Diary of the Second Addams Administration 16.

            The United States and China continued hammering each other in mid-April 2025.  Both countries raised their tariffs on each other (the US to 145 percent and China to 125 percent).  China barred is airlines from taking delivery of Boeing jets and its rare-earth and magnet producers from exporting to the United States; while the United States tightened the screws on AI technology exports to China.  The United States showed some interest in negotiating, but China wouldn’t bite.[1] 

            The incoherence of the Trump administration’s tariff policy with regard to the rest of the world flooded into the China policy.  President Donald Trump said that there would be no “carve-outs,” then crawfished again.  There would be only a 20 percent tariff on cell phones, laptops, and modems.  Then he crawfished again: new tariffs on electronics and semi-conductors would soon be announced. 

            Regardless of their incoherence, the main point in the eyes of some critics lay in the pain that they inflict on ordinary Americans.  Tariffs will force up prices and disrupt supply-chains.  “Mom-and-pop shops that rely on Chinese imports” will suffer.[2]  “Mom-and-Pop!  Their lives of hard work and service to the local community wrecked by Trump’s tariffs!”  Well, actually, most of the Mom-and-Pop stores got destroyed decades ago by Walmart and Amazon.  This is just evoking a nostalgic image for lack of a good argument. 

            Other critics warned that the tariffs will just make China mad.  It will retaliate in ways that hurt Americans and America.  China can restrict exports (as with rare earths and high-end magnets); China can blacklist American firms, driving down their profits and the value of their stocks; China could sell off a part or all of its $760 billion in U.S. Treasury bonds. 
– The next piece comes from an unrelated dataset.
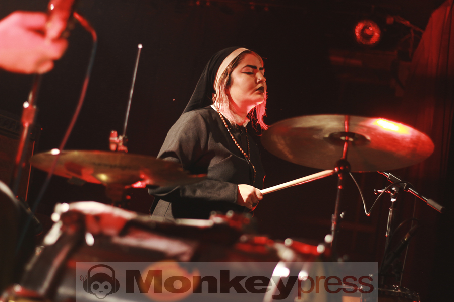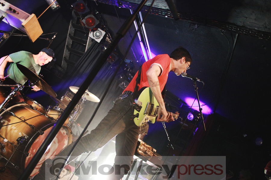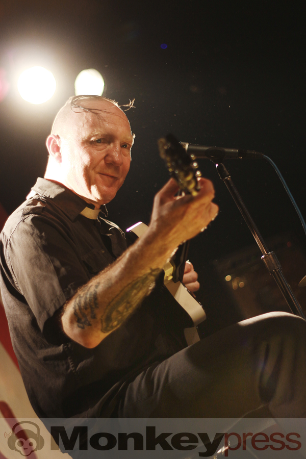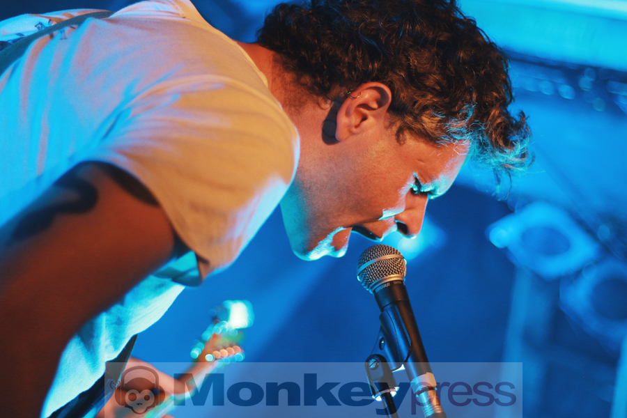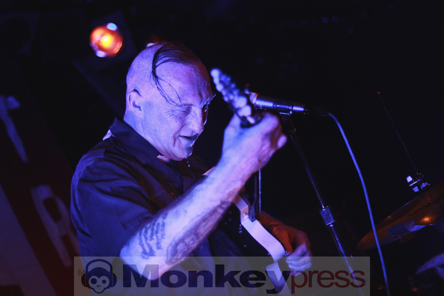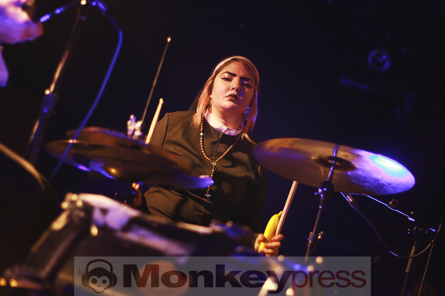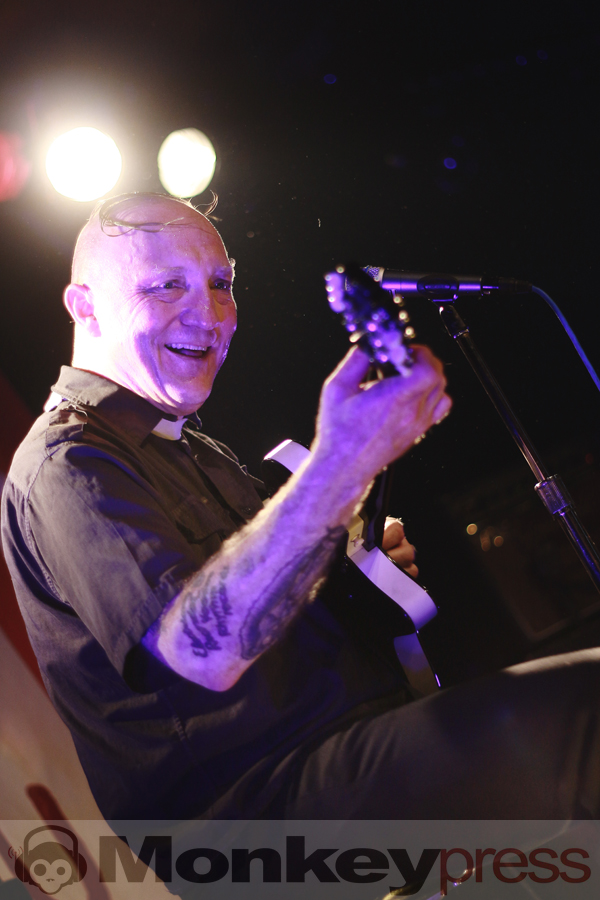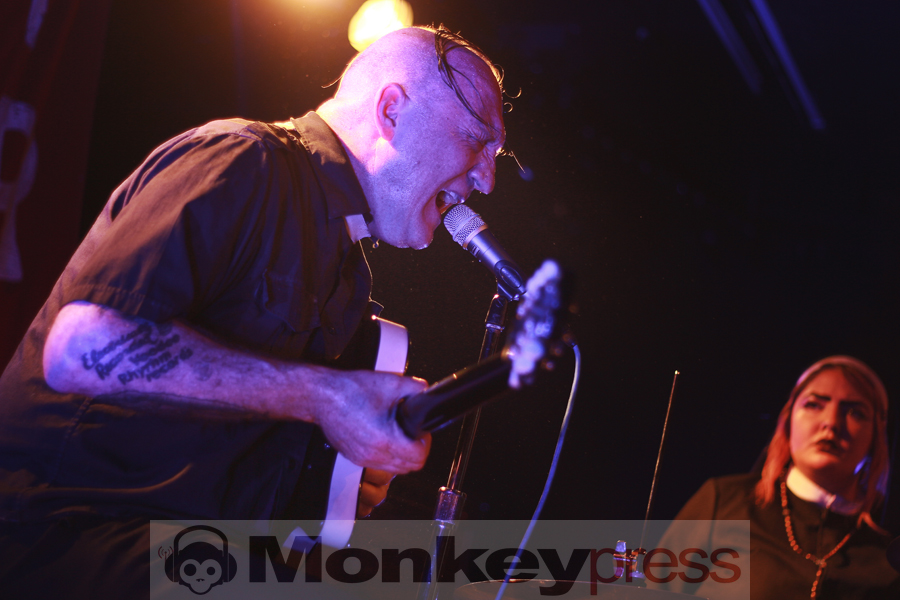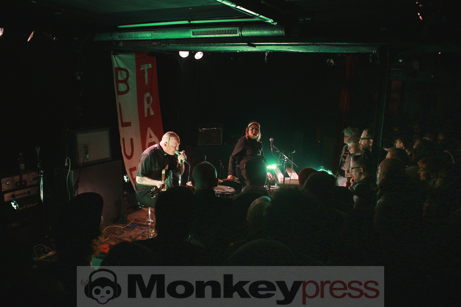 Wenige Umbauminuten später, die eher Aufräumminuten glichen, leuchtete die Bühnenplattform im sparsamen Licht des Reverend Beat-Man. Im Hintergrund thront das etwas zu lange „Blues Trash“-Banner, das Intro läuft, der Herr zeigt sich als Gentleman, in dem er der charismatischen Izobel Garcia den Vorhang zur Seite hält. Der Moment wirkt und beide nehmen vor ihren Instrumentarien Platz. Der gutgelaunte Frontmann melodisiert mit seiner Klampfe, die Schöne schlägt, all das vor der Kulisse einer zappelnden Menge. Er witzelt, widmet seiner Vorgruppe nicht nur Wertschätzung, sondern auch einen Song. Die Energien, diese hitzige Spielfreude machen klar – der Reverend hat den Rock’n’Roll mit Löffeln gefressen.

            They aren’t drawing the logical conclusion.  First, we’re very vulnerable to Chinese pressure and, to some degree, dependent upon Chinese good will to fend off disaster.  So we should make nice?  How about we remember the old adage that “If I owe you $100, then I have a problem; if I owe you $1 million then you have a problem”?    

            Rare earths and magnets are described as “critical to manufacturing everything from cars and planes to drones and weapons systems.” So we are dependent on our chief rival for these goods?  In case of open conflict, or even just tense bargaining over important issues, China could boycott their export to the United States?  With what effect on our ability to produce “cars and planes… drones and weapons systems”?  OK, suppose we got into a dispute not with China, but with China’s ally Russia?  I know that’s far-fetched, but give me some rope here.  Say Russia attacked Ukraine.  Would fear of China withholding key resources cause us to support Ukraine less fully than we could do and might want to do?  In any case, would it be a good idea to try to regain our technology industrial independence? 

            Second, the United States isn’t really hammering China with tariffs.  Almost alone and in his usual rabbity fashion, Donald Trump is hammering China.  Lots of right-thinking people are trying to distance themselves from a president engaged in a trade war with our deadly enemy in economy and international relations.  Who do you think Taiwan, South Korea, Japan, and Australia would want to win that one, if they have to choose?  Who would you choose? 


[1] “Trade war with China threatens U.S. economy,” The Week, 25 April 2025, p. 5.    

[2] New York Post, quoted in “Trade war with China threatens U.S. economy,” The Week, 25 April 2025, p. 5.